Hob just levels them a flat, unimpressed look.
“Oh fine,” Desire says, throwing up their hands. They flip around on the sofa, irritable, laying on it head down with their long, long legs propped against the wall under the window, crossed at the ankle. “Spoilsport.”
“Thank you.” Hob turns his attention to the other twin. “And how are you, darling Despair?”
“Wonderful,” she effuses with a sated sigh. “I love hospitals.”
Hob grins at her. Some people might be put off by another’s joy in people’s misery, but that’s literally who Despair is. The sun rises in the east, water is wet, and Despair of the Endless revels in suffering. He’s just happy she’s happy.

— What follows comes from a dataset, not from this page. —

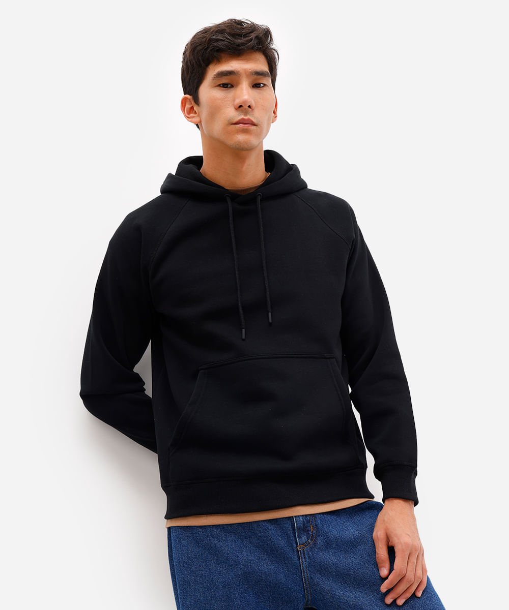 blusão básico masculino de moletom com capuz preto

“Your lovely hair,” Despair moans theatrically, brushing her hand through the ends of it visible on the side of his head. “You must be sad.”
“Of course. But it’ll grow back,” Hob assures her. He tries to reach up to tug on his ear, the little tick that has given away his embarrassment since he was a wee boy, and his mam caught him in a lie, but the motion pulls on the bandages on his shoulder, and he drops his hand to the bed instead.
“Of course it will,” Desire adds, grinning with their tongue between their teeth. “Handsome Hobsie.”
The urge to tug his ear grows stronger. "Where's Delirium?"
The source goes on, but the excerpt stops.